About this release

This biannual release by Public Health Scotland reports on anti-seizure medicines (ASMs) dispensed up to 30 September 2025 to patients in Scotland aged 0-54, and specifically in pregnant women. ASMs are used in the management of epilepsy, but also for other conditions such as migraine, bipolar disorder, and some types of pain. The reason for prescribing is not recorded therefore prescribing data is included for all conditions. This summary presents the key messages on prescribing of valproate and topiramate. Further information is available on these and other ASMs in the accompanying dashboard. Valproate taken during pregnancy is known to be associated with an increased risk of both congenital and neurodevelopmental conditions. There is also a possible association between use of valproate by men around the time of conception and an increased risk of neurodevelopmental conditions in their children and therefore prescribing rates for valproate in males are included. Topiramate taken during pregnancy is associated with a higher risk of congenital conditions, low birth weight, and a potential increased risk of neurodevelopmental conditions. For full details and prescribing guidance please see Medicines and Healthcare products Regulatory Agency (MHRA) advice for valproate and topiramate, as well as the commentary section of the dashboard.

For a more detailed review of the safety of anti-seizure medicines in pregnancy see the January 2021 report published by the Commission on Human Medicines (CHM).

Information on developments can be found in the Data Sources section of the dashboard.

All definitions can be found in the Cohort Definitions section and Notes pop-ups in the dashboard.

Individuals should not stop taking ASMs without medical advice. Anyone taking ASMs should speak to their GP or consultant if they have questions about the possible impact of their medicines on a pregnancy.

 

Main points

Valproate prescribing in pregnancy

  • One pregnancy was exposed to valproate between July and December 2024 (the most recent time period for which data is available on complete pregnancies).
  • This exposure was not the result of a prescription started during pregnancy.

Topiramate prescribing in pregnancy

  • Nineteen pregnancies were exposed to topiramate between July and December 2024 (the most recent time period for which data is available on complete pregnancies).
  • Two of these exposures were the result of women being newly prescribed topiramate during pregnancy (with no recorded prescriptions in the previous 12 months). It is possible that these women have previous prescriptions, but the prescribing record was not available for our analysis.
Image caption Chart 1: Pregnancies exposed to valproate and topiramate1
  1. Quarterly average is based on the average of the previous four quarters.
  2. The shaded area indicates the period after January 2025, where numbers may start to decline as there may be pregnancies that are still ongoing up to 30 September 2025 that had not been exposed up to that point and may become exposed as the pregnancy progresses

Valproate prescribing  overall in females and males aged 0-54

  • 1,988 females were prescribed valproate in the most recent quarter reported (July to September 2025). This has decreased by 53% (from 4,237) since the quarter April to June 2018.
  • There were 41 female valproate new starts (females prescribed valproate for the first time in 12 months) in July to September 2025. This has decreased by 68% from 128 in April – June 2018.
  • 5,334 males were prescribed valproate in the most recent quarter reported (July to September 2025). This has decreased by 25% (from 7,157) since the quarter April to June 2018.
  • There were 84 male valproate new starts (males prescribed valproate for the first time in 12 months) in July to September 2025. This has decreased by 65% from 242 in April – June 2018.

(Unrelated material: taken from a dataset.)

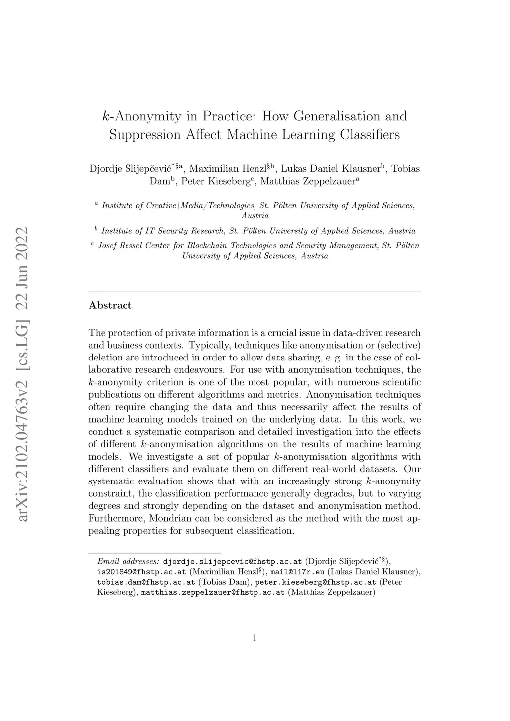 The protection of private information is a crucial issue in data-driven research and business contexts. Typically, techniques like anonymisation or (selective) deletion are introduced in order to allow data sharing, e. g. in the case of collaborative research endeavours. For use with anonymisation techniques, the -anonymity criterion is one of the most popular, with numerous scientific publications on different algorithms and metrics. Anonymisation techniques often require changing the data and thus necessarily affect the results of machine learning models trained on the underlying data. In this work, we conduct a systematic comparison and detailed investigation into the effects of different -anonymisation algorithms on the results of machine learning models. We investigate a set of popular -anonymisation algorithms with different classifiers and evaluate them on different real-world datasets. Our systematic evaluation shows that with an increasingly strong -anonymity constraint, the classification performance generally degrades, but to varying degrees and strongly depending on the dataset and anonymisation method. Furthermore, Mondrian can be considered as the method with the most appealing properties for subsequent classification.

Topiramate prescribing overall in females aged 0-54

  • 3,101 females were prescribed topiramate in the most recent quarter reported (July to September 2025). This has decreased by 26% (from 4,171) since the quarter April to June 2018.
  • There were 199 female topiramate new starts (females prescribed topiramate for the first time in 12 months) in July to September 2025. This has decreased by 70% from 669 in April – June 2018.
Image caption Chart 2: Valproate and topiramate new starts by quarter of prescribing

Further information

The next release of this publication will be October 2026.

General enquiries

If you have an enquiry relating to this publication, please contact Lynne Jarvis at phs.prescribing@phs.scot.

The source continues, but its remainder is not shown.